Calico Solar Right of Way In Jeopardy

Last month I wrote about the Calico Solar power project because the Bureau of Land Management (BLM) granted Tessera Solar LLC permission to build a solar facility on pristine desert that Tessera never had the capacity to build in the first place, according to information put forward in legal proceedings.  Tessera Solar then sold its permission to build on 7 square miles of public land--called a "right-of-way" grant (ROW)--to a company called K Road Sun.  The BLM now considers the Calico Solar ROW to be "inoperative," and will not allow construction to proceed on the pristine desert until a new environmental analysis is completed, according to information provided by the BLM to the US District Court on 6 June.

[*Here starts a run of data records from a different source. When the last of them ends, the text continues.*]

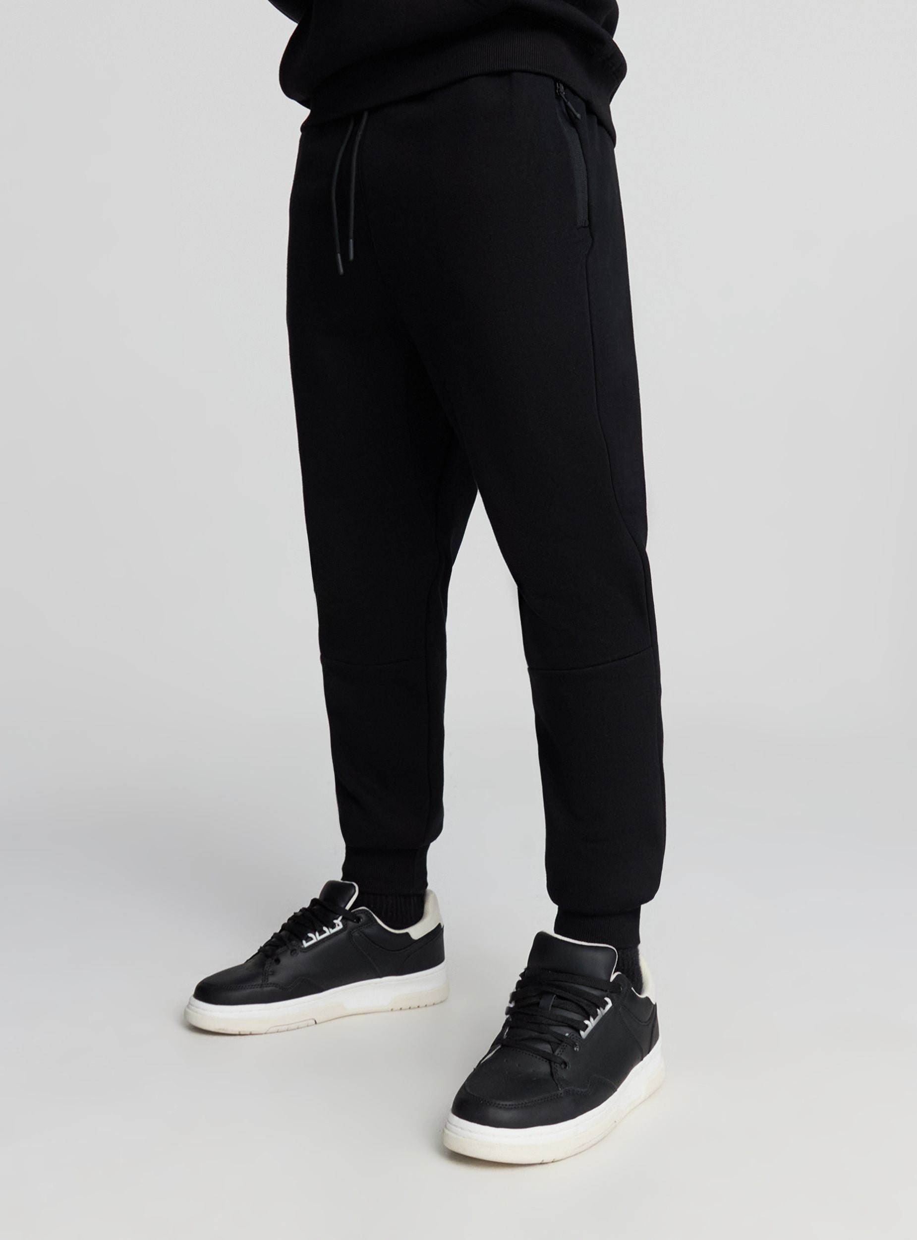 Męskie spodnie techniczne idealne na chłodniejsze dni dzięki ciężkiemu i wygodnemu materiałowi. Posiadają regulowany pas z sznurkiem, boczne kieszenie z zamkiem błyskawicznym oraz elastyczne wykończenie nogawek dla pewnego dopasowania. Linearny i jednolity design sprawia, że łatwo je dopasować do każdego casualowego lub sportowego looku. Doskonałe na czas wolny lub aktywności na świeżym powietrzu, zapewniają komfort i styl w każdej okazji.Szczegóły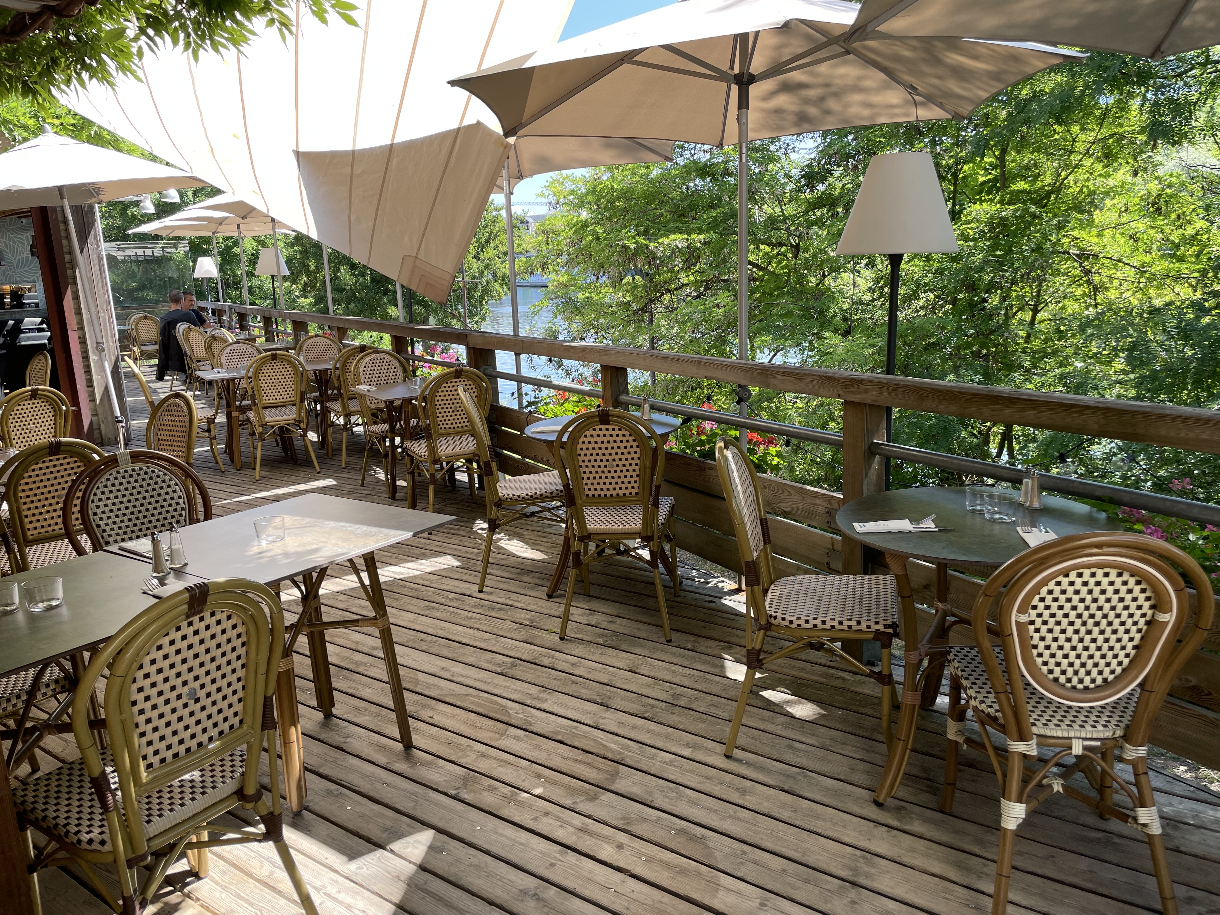 Très bon restau avec terrasse qui donne directement sur la Seine. Ambiance chalet, cuisine correct, service avec le sourire. Rapport qualité prix dans la norme. Bref bonne adresse.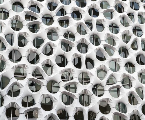 Neregularni i biomimetički obrazac pločica proističe iz kvazikristalne, ili penrose, mreže zasnovane na sunđerima i koralima. Obrasci su prvo nacrtani u 2D u CAD programima, a zatim modelovani u programu Rhino. Uprkos svojoj vizuelnoj kompleksnosti, oni se sastavljaju primenom standardnih pravila postavke pločica na fasadama i montiraju se na vertikalnoj mreži. Prvi otisci, nastali 2006. godine, bili su stereolitografi (SLA) koji je studio ručno izlivao od poliuretana.
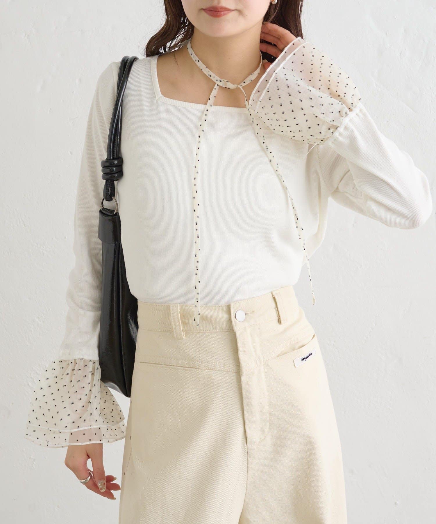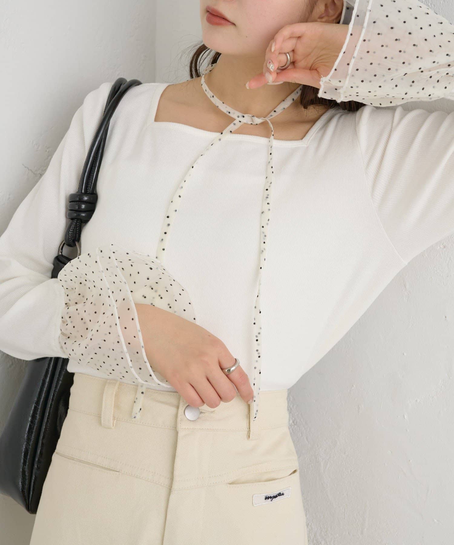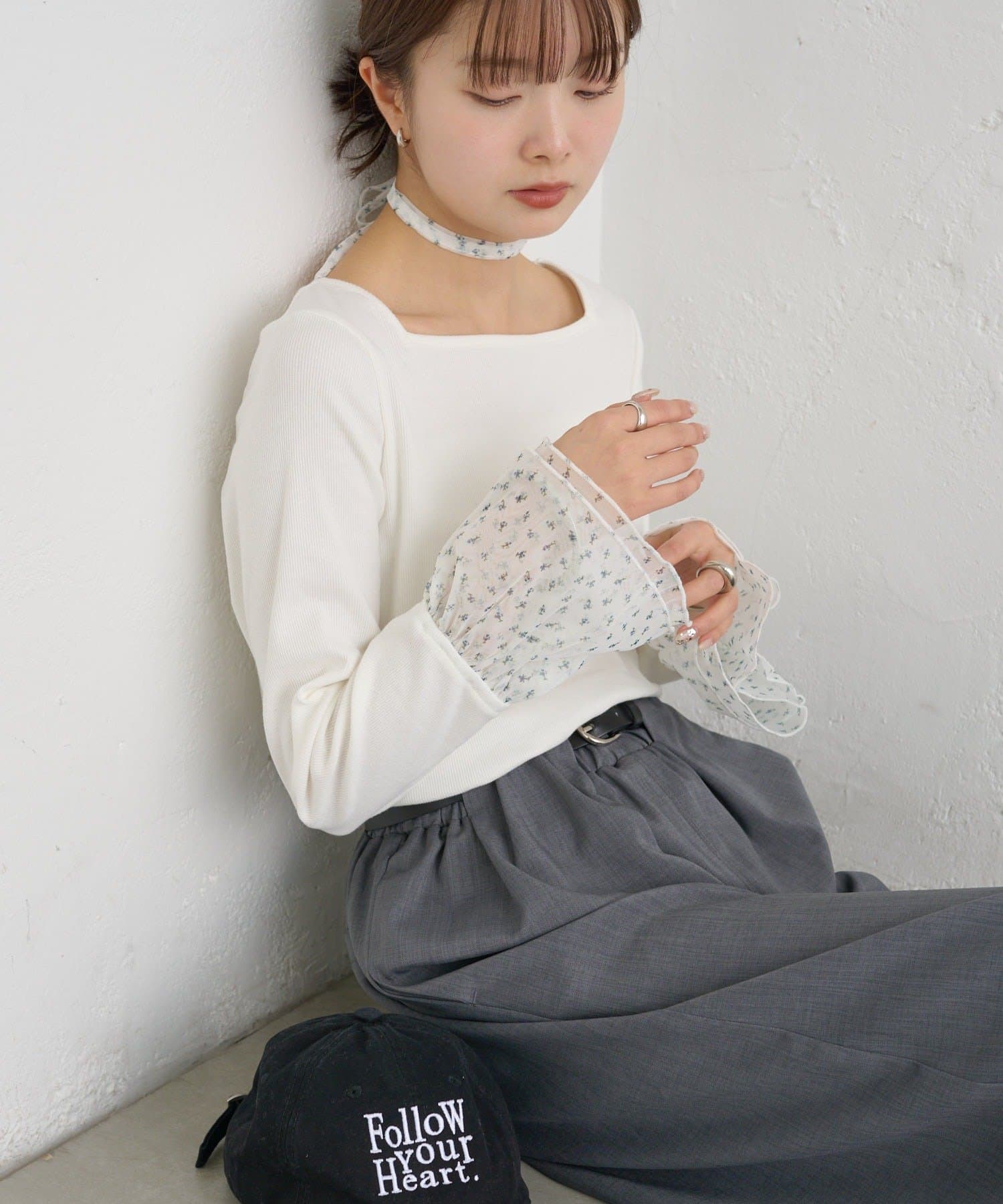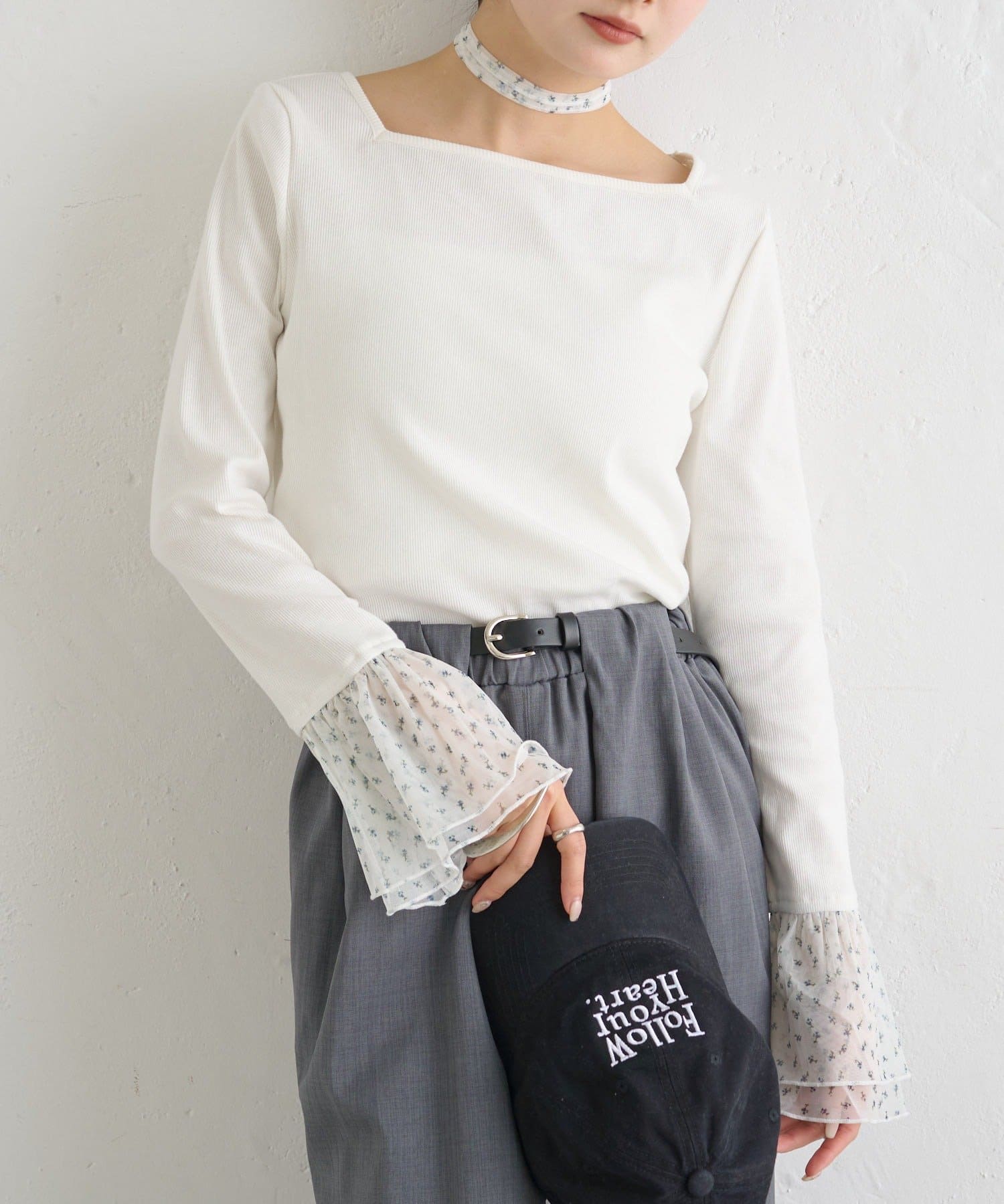 ・袖口のチュールと同素材のチョーカーが付属でついていて、好みのアレンジも楽しめます。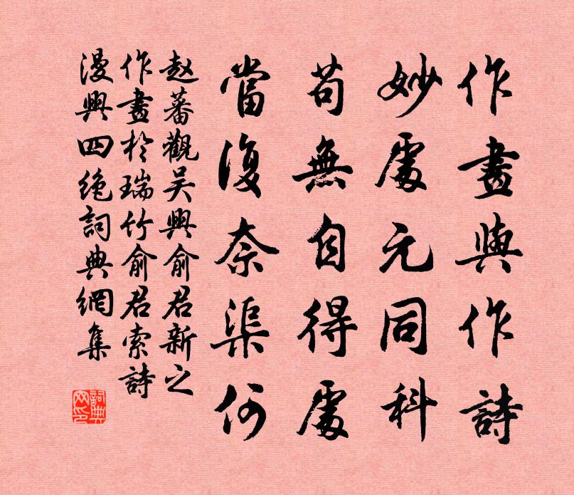 詩詞名句歷史字典書法欣賞書法字典國語詞典說文解字康熙字典古漢語字典標 題 作 者 詩 句 觀吳興俞君新之作畫於瑞竹俞君索詩漫興四絕作者:趙蕃 朝代:宋代原文作畫與作詩,妙處元同科。苟無自得處,當復奈渠何。詩詞問答問:《觀吳興俞君新之作畫於瑞竹俞君索詩漫興四絕》的作者是誰?答:趙蕃問:該詩寫於哪個朝代?答:宋代書法欣賞觀吳興俞君新之作畫於瑞竹俞君索詩漫興四絕書法作品詩文賞析【原題】:觀吳興俞君新之作畫於瑞竹俞君索詩漫興四絕句詩詞推薦臨江仙·鬥草階前初見晏幾道〔宋代〕鬥草階前初見,穿針樓上曾逢。羅裙香露玉釵風。靚妝眉沁綠,羞臉粉生紅。流水便隨春遠,行雲終與誰同。酒醒次韻韓川奉祠西太乙宮四首黃庭堅〔宋代〕泰壇下瑞雲黃,雨師灑道塵香。便面猶承墜露,金鉦半吐東牆。落花強至〔宋代〕林間花自飛,物理不應悲。偶對飄殘地,休論艷發時。有情香水面,無數點河湄。蜂蝶含餘意,徘徊繞舊枝。次王狀元晚菊二絕喻良能〔宋代〕並與杞同賦,舊嘗聞雪堂。先生澹無欲,亦復愛清香。記夢晁說之〔宋代〕山上多曲木,澗底有勁草。乃知窮達性,多隨勢所到。此語自夢中,景物殊浩浩。頗逢平生人,嘆息老非少。獨不送高郎中北使杜審言〔唐代〕北狄願和親,東京發使臣。馬銜邊地雪,衣染異方塵。歲月催行旅,恩榮變苦辛。歌鐘期重錫,拜手落花春。月蝕詩盧仝〔唐代〕新天子即位五年,歲次庚寅,斗柄插子,律調黃鐘。森森萬木夜僵立,寒氣贔屓頑無風。爛銀盤從海底出,出來照時平後春日思歸劉長卿〔唐代〕一尉何曾及布衣,時平卻憶臥柴扉。故園柳色催南客,春水桃花待北歸。嘲苗振王逵〔宋代〕伯起雄豪世莫偕,官高祿重富於財。田從汶上天出生,堂自明州地架來。十雙畫船風破浪,兩行紅粉夜傳杯。自憐送謝刑部使君赴召胡仲弓〔宋代〕擿奸方喜俗無嘩,一札飛來墨敕斜。職業已升金掌貴,吏民空擁彩旗遮。疑車趣召二千石,輿頌觀傳十萬家。桃李早行賈島〔唐代〕早起赴前程,鄰雞尚未鳴。主人燈下別,羸馬暗中行。蹋石新霜滑,穿林宿鳥驚。遠山鍾動後,曙色漸分明。和張文伯黃悅之席上賦雪王之道〔宋代〕功成三白到春回,好放雲天萬里開。今夜子猷方對客,卻煩安道過溪來。同君俞、季永步至普濟寺,晚泛西湖以歸,得楊萬里〔宋代〕閣日微陰不礙晴,杖藜小倦且須行。湖山有意留儂款,約束疏鍾未要聲。孝宗皇帝靈駕發引詩蔡戡〔宋代〕舜禹相傳日,元非倦萬幾。慈闈躬至養,別殿奉遺衣。易月心何忍,通喪禮不違。煌煌新廟號,萬古播音徽。和潘判官送酒韻王炎〔宋代〕由來高士憐曲糵,為有和氣如三春。一朝驟見四從事,使我頌德思伯倫。官醅亦自有妙理,風味不如家釀醇。掀髯十蟲吟舒岳祥〔宋代〕蟲有賣油公,什伍處陰濕。長腳如蠨蛸,愛莫能助細走不及。兒童反接之,邀其吐微汗。所挾雖不多,坐此遭攟拾滿庭芳(賞梅)葛立方〔宋代〕臘雪方凝,春曦俄漏,畫堂小秩芳筵。玉台仙蕊,簾外冪瑤煙。莫話青山萬樹,聊須對、一段孤妍。杯行處,香參景安和章來再次韻謝設醴四首陳造〔宋代〕道裝人映醉中姝,十二分行儼翠裾。遙想翻階麗清禁,似今群艷簉庭除。單于曉角武元衡〔唐代〕胡兒吹角漢城頭,月皎霜寒大漠秋。三奏未終天便曉,何人不起望鄉愁。馬上見華山強至〔宋代〕身寄秦川紫翠間,舉頭行坐對南山。忽來煙際逢仙掌,更覺天邊慰客顏。霖雨不知何日作,片雲猶向此時閒。三峰名句推薦紅橋路,正一派、畫船蕭鼓中流住。納蘭性德《摸魚兒·午日雨眺》 柳帶搖風漢水濱,平蕪兩岸爭勻。牛希濟《臨江仙·柳帶搖風漢水濱》 竹里繰絲挑網車,青蟬獨噪日光斜。李賀《南園十三首》 思君若汶水,浩蕩寄南征。李白《沙丘城下寄杜甫》 遊人不管春將老,來往亭前踏落花。歐陽修《豐樂亭遊春·其三》 語來江色暮,獨自下寒煙。李白《尋雍尊師隱居》 九萬里風鵬正舉。李清照《漁家傲·天接雲濤連曉霧》 相呴以濕,相濡以沫,不如相忘於江湖。莊子《莊子·內篇·大宗師》 遊絲冉冉花枝靜,青壁迢迢白鳥過。王守仁《春晴》 以卵投石也。盡天下之卵,其石猶是也,不可毀也墨子《墨子·47章 貴義》

Prototype SunCatchers in Arizona in a photo provided by the CEC.  K Road Sun would have to procure thousands of these, but the provider is not clear about its ability to build them, and is currently facing financial difficulties.
K Road Sun modified Tessera Solar's original plans to include a different mix of solar technology, but still planned to use Tessera's "SunCatcher" dishes.  The SunCatcher technology is a major sticking point --if the SunCatchers cannot be mass-produced, then the proposal to generate and sell energy from the site is hypothetical.

I cant blame the BLM for taking a more cautious approach.  BLM rushed to approve the project for Tessera Solar last year, and then watched as Tessera admitted that it could not build the SunCatchers and sold the ROW to another company.  Now K Road Sun is asking for a repeat of last year -- a speedy approval by Federal and State officials ignoring the environmental damage and the fact that SunCatcher technology poses significant hurdles to the viability of the project.

The California Energy Commission (CEC) is still attempting to accommodate the amended application despite continuing concerns about K Road Sun's ability to build the project.  

The Calico Solar power project should never have been approved in the first place.  The site is home to a thriving desert ecosystem, with dozens of endangered desert tortoises, a rare desert wildflower, and bighorn sheep.
A photo of desert blooms with much of the proposed project site in the background.  The creosote bush scrub habitat is home to a robust tortoise population, and one of the last remaining pockets of a rare desert plant known as the white-margined beardtongue.